There are generally two main culprits when the finger is pointed for Canada’s lacklustre economic growth: our export industry, which has suffered due to an unstable global and U.S. trade market, and a lack of corporate spending in Canada. The latter is due to Canada’s corporations sitting on a massive pile of cash – $1.7 trillion, to be specific – and the lingering mindset to safeguard company coffers from the threat of recession.
However, the latest data from CIBC Economics indicates that corporations are feeling spendier these days, and it may be enough to pull our economy out of its rut.
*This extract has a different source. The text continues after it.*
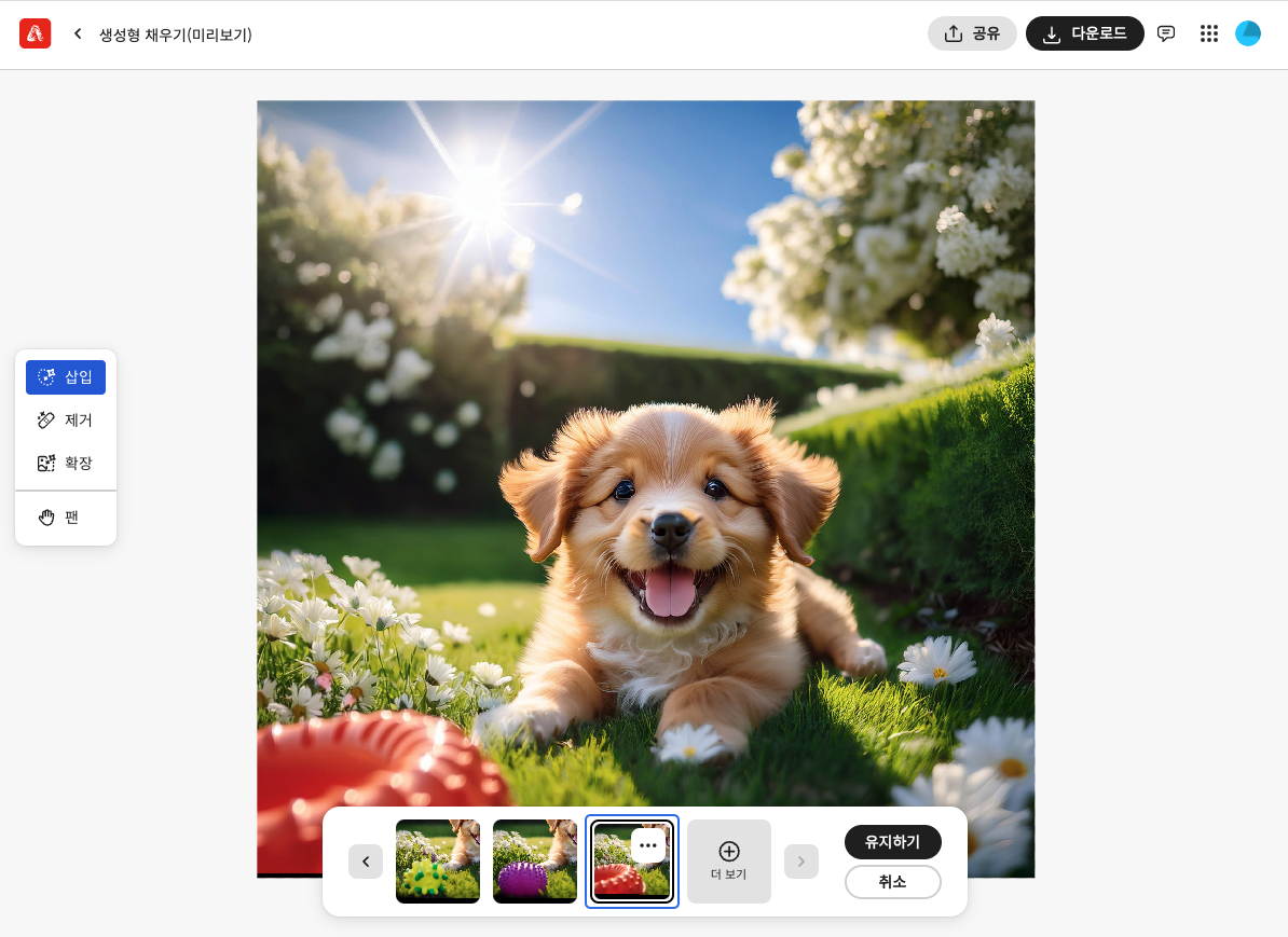 - 3개의 이미지 중 원하는 요소를 클릭하고 유지하기를 클릭하여 저장한다.

Growth Will Be Significant – And Fast
The bank’s Composite Indicator of Corporate Canada’s Strength shows that confidence is at an all time high. Combined with corporations’ strong cash position, improving conditions in the U.S. and the newly minted EU CETA deal, CIBC’s Deputy Chief Economist Benjamin Tal states that there’s never been a better time for companies to spend their money.
“While it is widely expected that stronger growth in the U.S. next year will have an upside benefit for Canada, what might surprise many is how quickly and significantly corporate Canada will ramp up spending to capitalize on the long awaited rebound in global demand,” he says.
According to the index, in the past, for every one per cent of growth in the U.S., Canadian corporations ramp up their spending by three per cent. With the current economic environment, that has increased to four per cent, and CIBC forecasts that the U.S. economy will grow 3.2 per cent next year.
But Is It A Sure Thing?
However, not everyone is as optimistic about the future – there’s been enough drama in the U.S. recently to warrant doubts about the viability of such growth forecasts. It’s been less than a week since the nation very narrowly avoided a debt default and reversed a prolonged government shutdown. These events have caused an estimated $2.4-billion loss for their economy, and nothing has been permanently resolved; the stop-gap bill that prompted workers back to work ends on January 15, and the new debt ceiling deadline looms on February 7. The Senate is still at odds on the issues that prompted the shutdown, such as Obamacare, tax increases and sequester spending cuts.
Could We Withstand Another Shutdown?
The Conference Board of Canada’s U.S. Outlook For Autumn highlights how fragile the situation is. While their report points to positive factors like a recovering U.S. housing market and declining fiscal debt, another round of default fears will further weaken global investor confidence in the U.S., with negative implications for all.
“Although the U.S. Congress avoided a default last week, the agreement is a stop-gap measure that failed to solve the basic differences between Democrats and Republicans over taxes and government spending,” said Kip Beckman, the Board’s principal economist. “If we go through the same drama in January and February, our projection for stronger growth next year would be in jeopardy.”